# Fashion Tips for the Over 50 Man



## SifuPhil (Mar 9, 2013)

Guys, there comes a time when a true man has to face the facts, no matter how painful or embarrassing. That time comes a bit earlier or later for each man, but have no doubt - it DOES come, and ALWAYS by the age of 50. 

... it's time to hang up those baggy pants.



Here are a few more items you should probably avoid wearing when in public ...



Backward baseball caps - unless you're a professional baseball player 
Pants so baggy that your underwear (or lack thereof) is showing 
Sandals with socks - it's just WRONG 
Muscle shirts - unless you actually have muscles and weigh less than an F-150 
Bandanas - unless you're close friends with Willie 
The latest high-tech sneakers - paying $300 for some NBA star's name on your sneakers is silly 
Friendship bracelets / rings 
Ponytails - a sure sign of an aging hippie (I say this as a ponytail-wearer) 
Jeans so tight people can count your change and tell your religion 


Any others you can add?


----------



## That Guy (Mar 29, 2013)

You know the thing about old men wearing their (our) pants pulled up high?  I've noticed that I'm actually pulling my pants up higher and I like it . . .   What the heck is that all about?


----------



## Pricklypear (Mar 29, 2013)

Suspenders with jeans and a t-shirt.  My husband loves his.  

I didn't see this coming when I fell in love with this man 47 years ago.


----------



## That Guy (Mar 29, 2013)

Yeah, suspenders . . . I'm gettin' there.  One of these days, good-bye belt and hello wearin' my pants way up high with suspenders . . . RED ones!


----------



## SifuPhil (Mar 29, 2013)

That Guy said:


> You know the thing about old men wearing their (our) pants pulled up high?  I've noticed that I'm actually pulling my pants up higher and I like it . . .   What the heck is that all about?



I'm not really sure why that happens - lately I've been being fed so much rich food that my pants are getting tighter, so they're beginning to ride lower. The alternative would be to pull them UP, I guess.

Maybe it's because we shrink as we get older? 
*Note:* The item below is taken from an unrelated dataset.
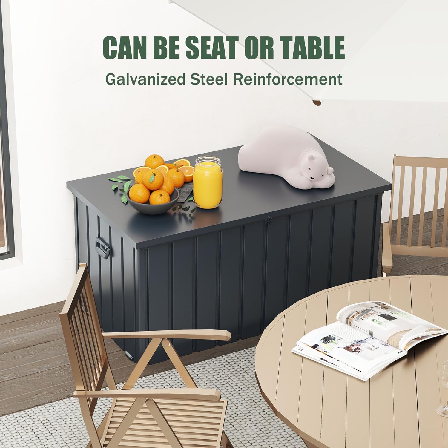 Domi Deck Box 160 Gallon, Waterproof Lockable Steel Outdoor Storage Container for Outside Cushions, Garden Tools and Pools Equipment, Gray
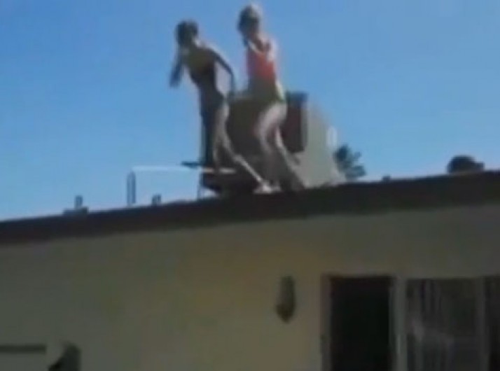 Ela quis se exibir pulando do telhado, mas se deu muito mal

ETA: I'll be darned - I'm right! - *Aging Changes in Body Shape*


----------



## Pricklypear (Mar 30, 2013)

That Guy said:


> Yeah, suspenders . . . I'm gettin' there.  One of these days, good-bye belt and hello wearin' my pants way up high with suspenders . . . RED ones![/QUOTE
> 
> You can buy those red suspenders at Sears or Walmart.  One guess how I know that.


----------



## That Guy (Mar 30, 2013)

Pricklypear said:


> That Guy said:
> 
> 
> > Yeah, suspenders . . . I'm gettin' there.  One of these days, good-bye belt and hello wearin' my pants way up high with suspenders . . . RED ones![/QUOTE
> ...


----------



## SifuPhil (Mar 30, 2013)

Pricklypear said:


> You can buy those red suspenders at Sears or Walmart.  One guess how I know that.



But you also have to buy the blue flannel shirt, baggy beige pants and brown penny loafers (WITH the penny!).


----------